The PE community in Africa is also entering a new level of maturity, as both global and local players are exploring opportunities beyond the already established South African market.

Fund-raising to remain strong

The US$3.3 billion raised in 2013 is more than double the amount raised in 2012 and the highest annual amount since 2007. This increase is in marked contrast to Latin America, China and India, which all recorded significant falls in fund-raising from 2012 (see chart).

Fund-raising in Africa and other emerging markets, US$b

EY – Fund-raising in Africa and other emerging markets

Sources: Preqin, Factiva, VCCEdge and Venture Intelligence

The outlook for Africa is equally strong. According to a survey by the Emerging Markets Private Equity Association, sub-Saharan Africa is rated the most attractive emerging market for general partner investment. The survey also reports that the continent is expected to see the greatest amount of new limited partner interest over the next two years.

The activity is attracting interest from larger PE firms. Although the landscape is dominated by domestic and regional groups, large global firms are looking to capitalize on opportunities in the consumer, infrastructure and resources sectors. The Carlyle Group, for instance, has opened offices in South Africa and Nigeria and is reportedly looking to open an office in East Africa.

Niche strategies make an impact

New and existing players in the African PE market are carving out niche strategies to give them a competitive edge.

Several PE funds are targeting the infrastructure sector. Africa needs huge investment in this area to meet the demands of its growing and increasingly urban population. Electricity and transport infrastructure are especially needed.

Green energy, particularly wind and solar, is also attracting investment. Actis and Lereko Metier have achieved very successful fund-raising in this area.

Resource-focused funds have also emerged. A slowdown in resource demand from China has created a window of opportunity to buy natural resources companies at relatively lower valuations.

Finally, impact investing is gathering attention. The strategy seeks to attain a positive social and/or environmental impact while generating a profit. LeapFrog Investments, International Housing Solutions and One Thousand & One Voices (1K1V) are key players in this area.

Transactions double from 2012

The aggregate value of African deals in 2013 was US$3.2 billion (based on data from the African Private Equity and Venture Capital Association, which includes follow-on investments). This is a significant increase from the US$1.6 billion in 2012.

South Africa has traditionally seen the largest slice of PE investment on the continent. However, there has been a significant shift in the last few years, particularly toward East and West Africa. In 2011-13, South Africa received 20% of overall PE investment in sub-Saharan Africa and 19% of deal volume (compared to 57% and 44% in 2008-10).
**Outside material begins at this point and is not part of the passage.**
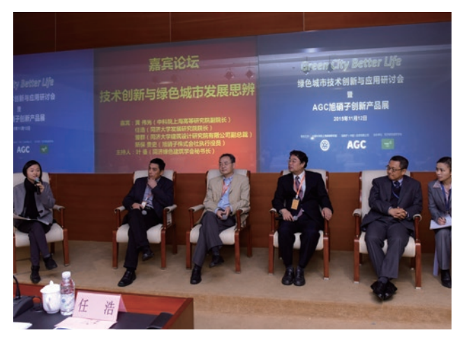
The "Green City, Better Life" Seminar

Meanwhile, continuing from last year, AGCH participated in the annual Japan-China Energy Conservation and Environmental Research Forum, jointly held in Tokyo by Japan's Ministry of Economy, Trade and Industry, the Japan-China Economic Association, the National Development and Reform Commission in China and China's Ministry of Commerce. AGCH gave a presentation about power conservation projects in China's glass manufacturing industry, in which it described successful initiatives for conserving energy in glass production lines. Having declared its intention to cooperate in energy-conservation and environment projects in China, AGCH is committed to helping the country's glass industry save energy alongside its local partners.

East Africa, which includes Kenya, Tanzania, Uganda, Rwanda and Burundi, is attractive because of increased cooperation between these five states through the East African Community, thereby facilitating cross-border activity. West Africa has an increasing number of middle-class consumers, which is also attracting investment.

Many PE investments go into businesses owned by families or entrepreneurs, and deal sizes remain relatively small. This presents a challenge to larger PE firms looking to deploy larger funds. As the African market matures, we expect more opportunities for firms to put money to work in larger deals.

Sectors linked to the rise of the African consumer, including those in the fast-moving consumer goods space, are particularly attractive to PE firms. Other active sectors include banking and financial services, energy and natural resources and media/telecom infrastructure.

Exits subdued but expected to increase

2013 was relatively subdued in terms of exit activity. External events, including uncertainty over US Federal Reserve policy, likely contributed to the quiet year.

The predominant exit route in Africa continues to be via trade sales. Many exits in 2013 occurred through mergers and acquisitions.

IPOs remain less frequent exit routes primarily because of the small size of stock markets beyond South Africa. However, given the size of some of the investees in the current African PE portfolio, we expect to see IPOs increase in the near to medium term.